Wonderful, Greta! But I see a meaning in death, one you didn't count: the matter - or energy - that's is retained in this body that I call "mine" is released to form other lives. That's why I don't want my body to be burned, as such a procedure will worsen greenhouse effect and global heating. If "my" body is buried, it can feed other forms of life and become part of the miracle of life cycles in this planet.

Loving Kisses for you and Ingrid,

Louis Doench

Wonderful Greta. I've moved your blog to a the top of my Google HP Atheists page so I won't miss a delicious word. (oh, and congrats on getting published in a real grown up newspaper)


re: Alexis, I've thought a lot about what to do with my mortal remains and I've been inspired by the great John Prine, who sings

"Please don't bury me, down in that cold cold ground.
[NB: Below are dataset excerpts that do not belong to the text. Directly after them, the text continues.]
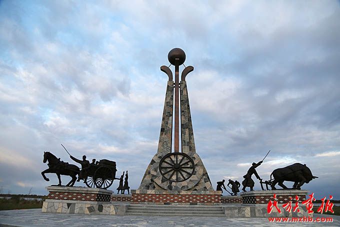黑河市愛(ài)輝區(qū)坤河達(dá)斡爾族滿族鄉(xiāng)富拉爾基達(dá)斡爾族南遷廣場(chǎng)上的雕塑反映了達(dá)斡爾族在黑龍江畔開墾土地,建設(shè)家園的情景。
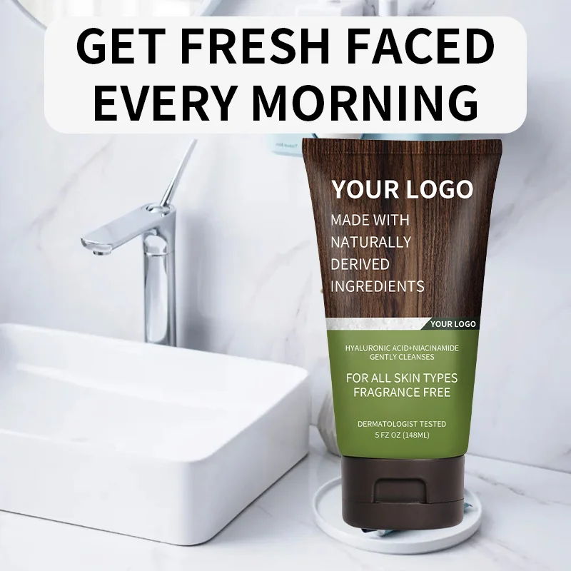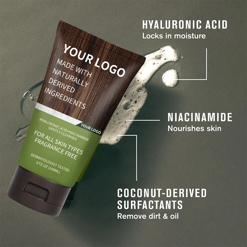 Wholesale Custom Men's Hydrating & Detox Facial Cleanser with Hyaluronic Acid & Charcoal Deep Pore Cleansing
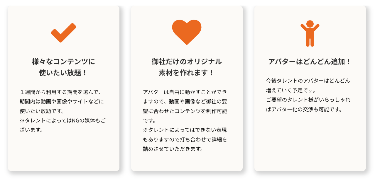 ・契約期間中、タレントのアバターを様々なコンテンツに使いたい放題!
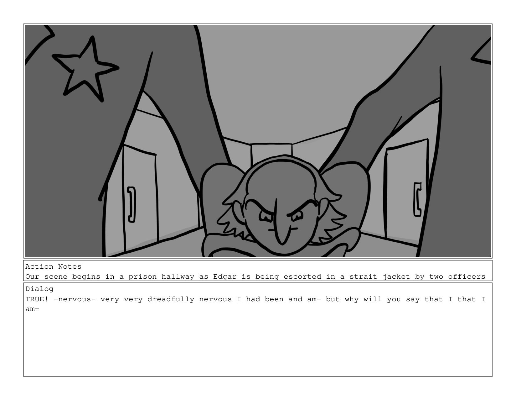Edgar is being escorted in a strait jacket by two officers Dialog TRUE! -nervous- very very dreadfully nervous I had been and am- but why will you say that I that I am-
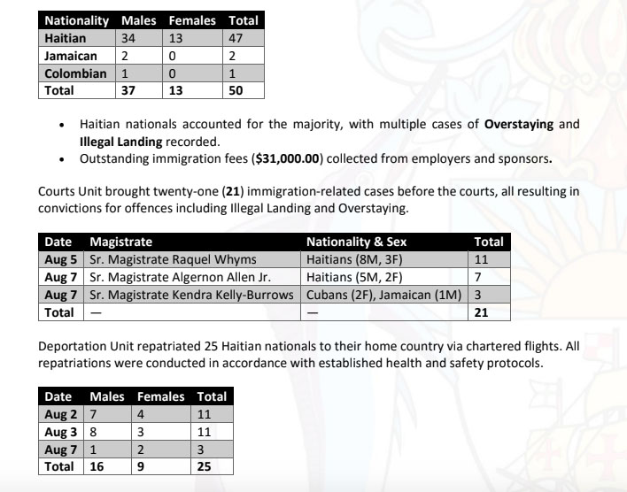 NASSAU| Between August 1 and August 8, immigration operations resulted in 50 apprehensions, 21 court convictions, and the repatriation of 25 individuals to their home country. During the week, the Enforcement Unit conducted targeted apprehension exercises across New Providence, focusing on individuals in breach of the Immigration Act. These operations included routine status checks and responses to public intelligence, and were supported by partner agencies, including the Royal Bahamas Police Force.
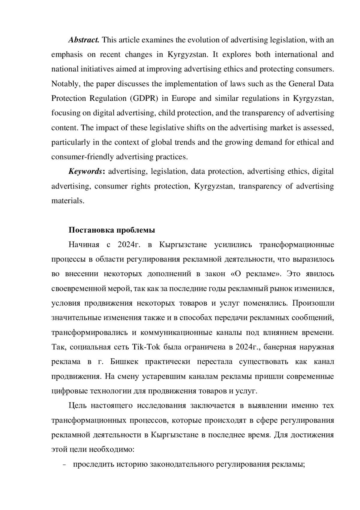Статья анализирует эволюцию законодательства в сфере рекламы, с акцентом на изменения, происходящие в Кыргызстане. Рассматриваются международные и национальные инициативы, направленные на улучшение этики рекламы и защиту прав потребителей. Особое внимание уделяется внедрению законов. Оценивается влияние современных законодательных изменений на рекламный рынок, особенно в контексте глобальных тенденций и растущего спроса на этичную и ориентированную на потребителя рекламу.
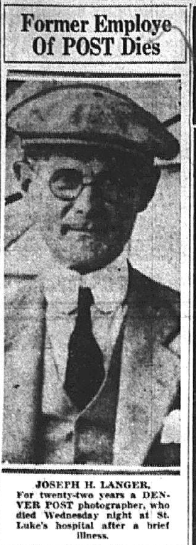 Sadly, their marriage did not last very long because Joe’s life was cut short on August 29, 1934, when he died from complications after a minor operation. He was 54 years old. The obituary published by his former employer, The Denver Post, filled in some of the remaining gaps in the story of Joseph Langer:

I'd rather have them cut me up, and pass me all around. Throw my brain in a hurricane, the blind can have my eyes. And the Deaf can take both of my ears of they don't mind the size."

So I'll be donating my body to science.

Actually, I'd like to donate my body to MAD science.
Then I can terrorize villagers.


r

Well, it seems to me death cannot be separated from life; the one is impossible without the other.
Without death, life could not have developed; imagime the horror of a society where no one dies! It would grind to a halt; not enough space for new life.

Sid Schwab

Thanks for your links! To echo the comment above; if there weren't death, there'd be no reproduction, no having children...

When I was very young, talking to my mom about death, the concept of being dead forever and ever, for trillions of years, with no end, scared me. It wasn't until I realized many years later that it's be just like it was for the gazillion years before I was born -- and that seemed OK -- that it became understandable.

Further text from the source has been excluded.